▶ [Dataset extract]:
»»

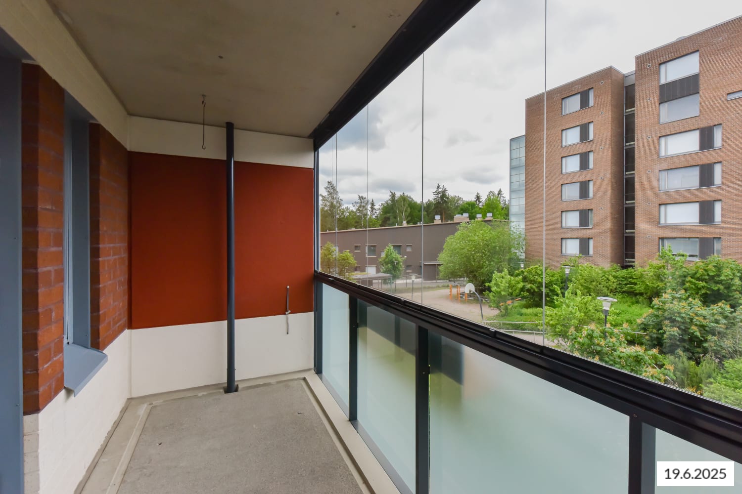 Väljässä yksiössä on reilun kokoinen parveke, jolla kelpaa nauttia ilta-auringon säteistä ja avarasta pihamaisemasta. Asuinhuoneen pohjaratkaisussa ei ole turhia kikkailtu ja sisustuksella saa vaikutettua paljon kodin tunnelmaan.
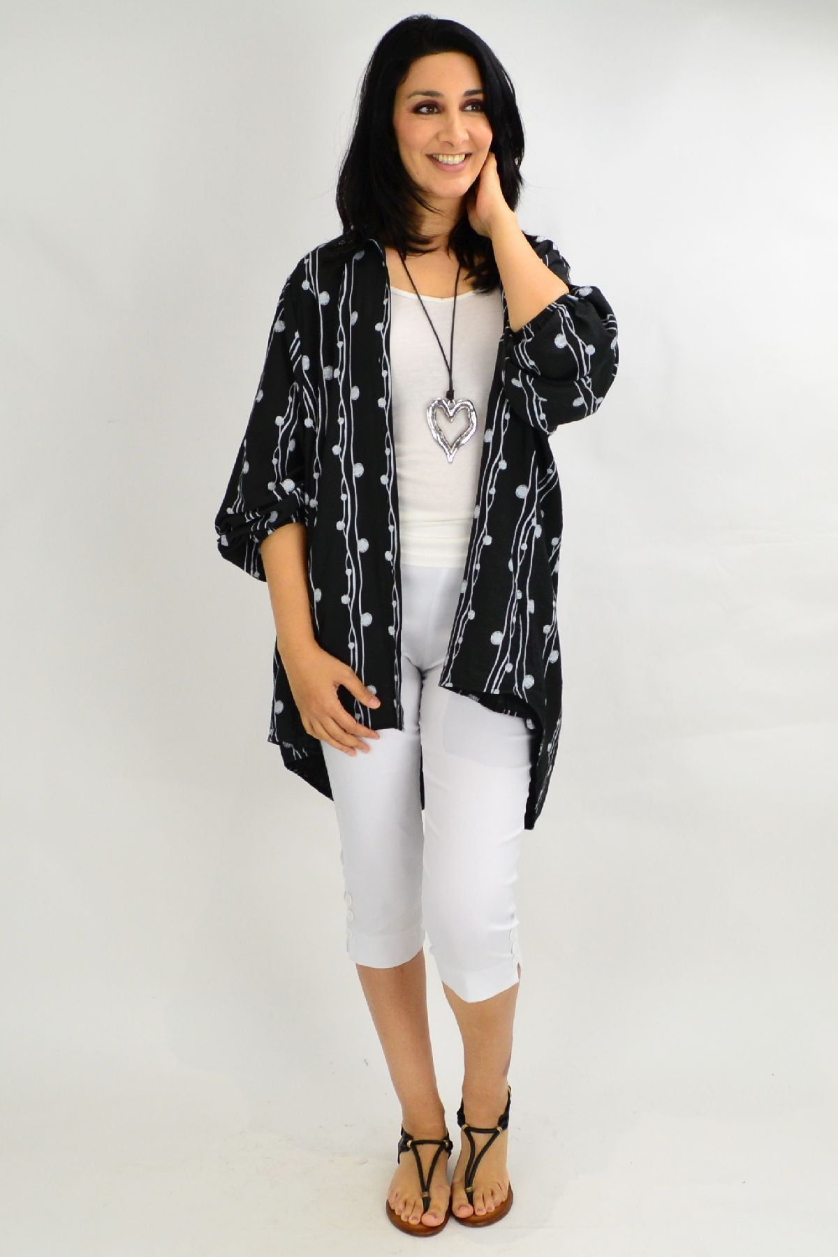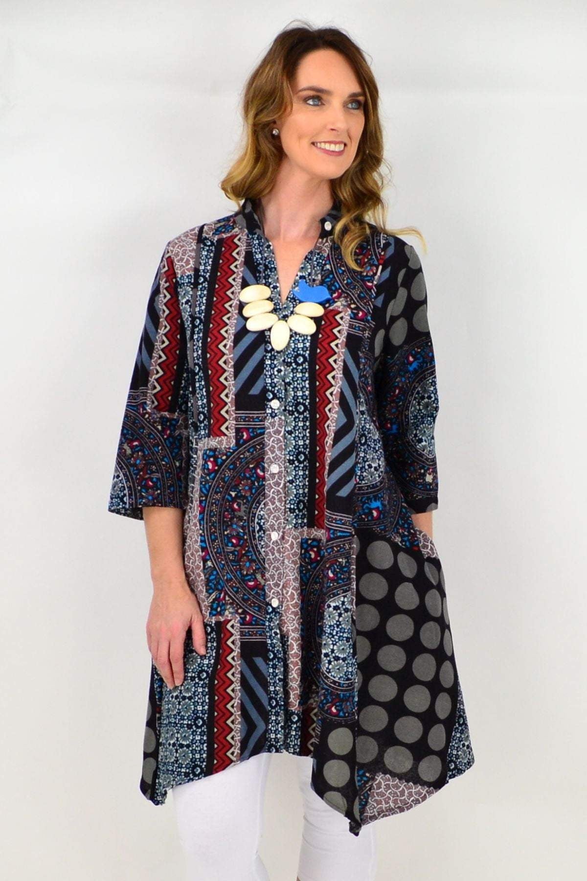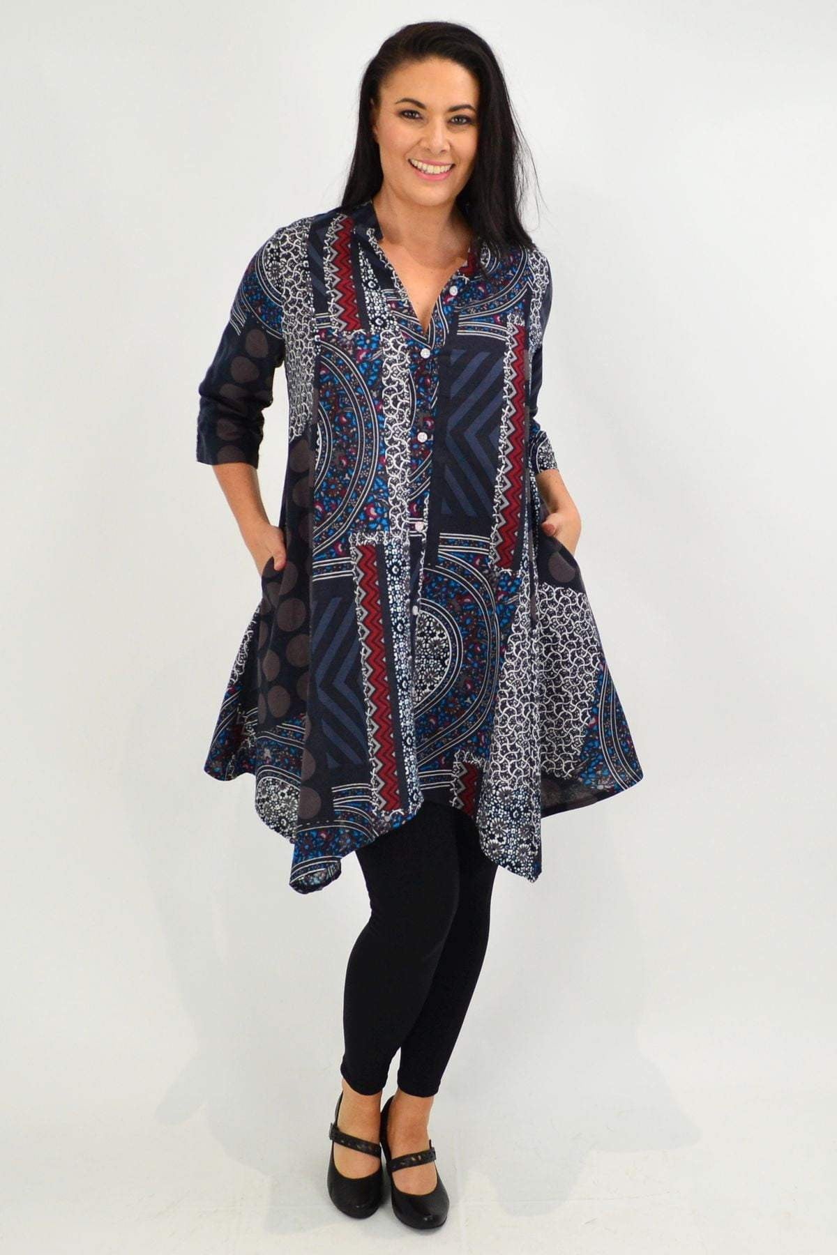 Regular price $59.99This Aztec Amaya Tunic Top is very versatile and easy to wear. It can be worn open or closes and is made in a thicker cotton in a relaxed A line shape, with 3/4 sleeves and hideaway side pleats. Team with 3/4 capris and sandals or add leggings and boots for a fabulous look
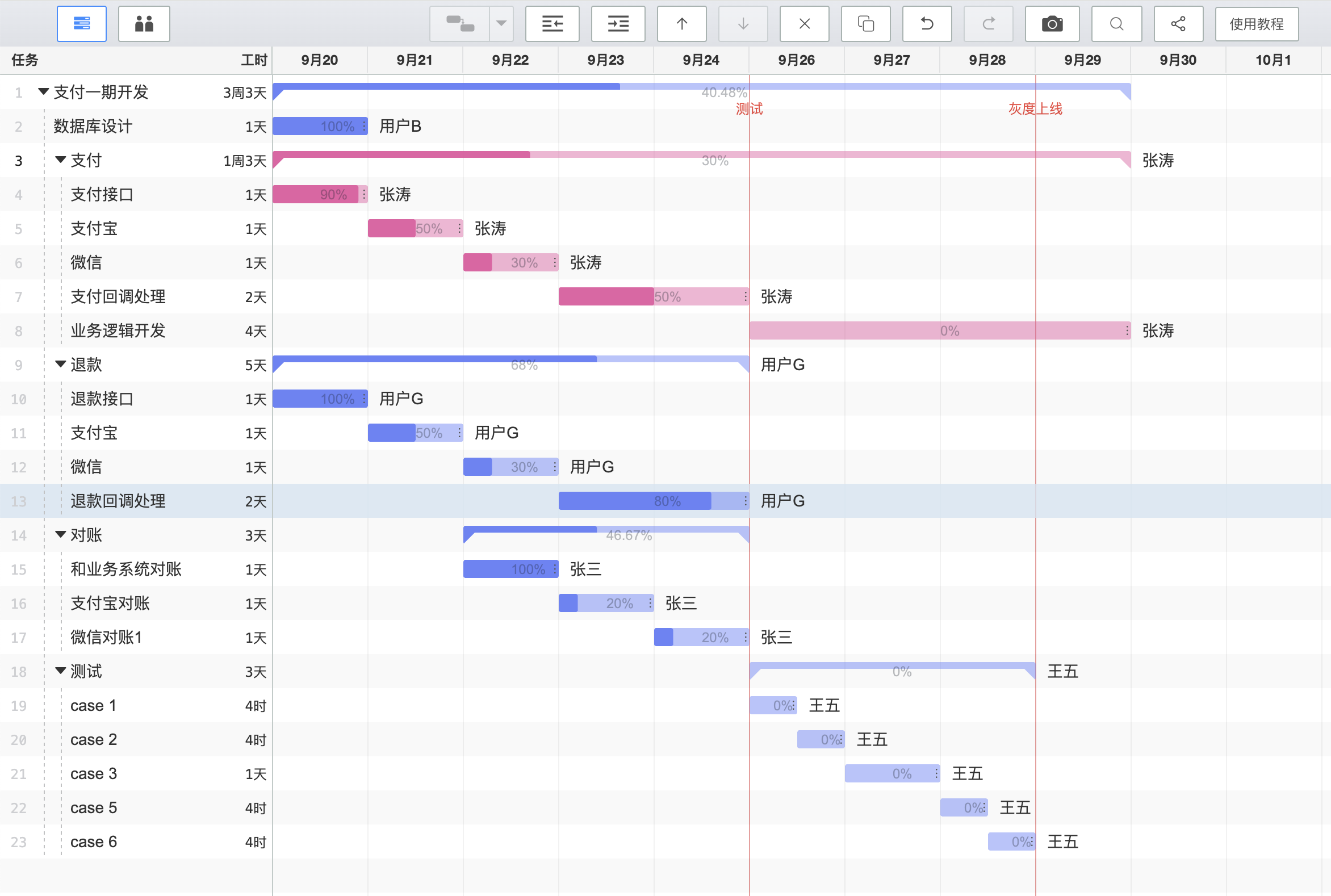 在制作甘特图时,要清晰标注任务的先后顺序关系,计算每条路径所需时长,以及任务的等级,重要的任务应该用醒目的颜色标签标记出来。zz-plan的快照可以通过对比计划进度和实际进度,就能及时发现偏差并分析原因,从而调整后续工作方式,避免风险持续扩大。甘特图对发现项目中潜在的关键路径和高风险任务,解决资源分配冲突,实时跟踪进度偏差起到了重要作用。掌握了这些利用甘特图的实战方法,相信能助你把控项目风险,化解

««

▶ [Required action]:
Transcribe the listing exactly; omit all images.

▶ [Exercise answer]:
 Väljässä yksiössä on reilun kokoinen parveke, jolla kelpaa nauttia ilta-auringon säteistä ja avarasta pihamaisemasta. Asuinhuoneen pohjaratkaisussa ei ole turhia kikkailtu ja sisustuksella saa vaikutettua paljon kodin tunnelmaan.
 Regular price $59.99This Aztec Amaya Tunic Top is very versatile and easy to wear. It can be worn open or closes and is made in a thicker cotton in a relaxed A line shape, with 3/4 sleeves and hideaway side pleats. Team with 3/4 capris and sandals or add leggings and boots for a fabulous look
 在制作甘特图时,要清晰标注任务的先后顺序关系,计算每条路径所需时长,以及任务的等级,重要的任务应该用醒目的颜色标签标记出来。zz-plan的快照可以通过对比计划进度和实际进度,就能及时发现偏差并分析原因,从而调整后续工作方式,避免风险持续扩大。甘特图对发现项目中潜在的关键路径和高风险任务,解决资源分配冲突,实时跟踪进度偏差起到了重要作用。掌握了这些利用甘特图的实战方法,相信能助你把控项目风险,化解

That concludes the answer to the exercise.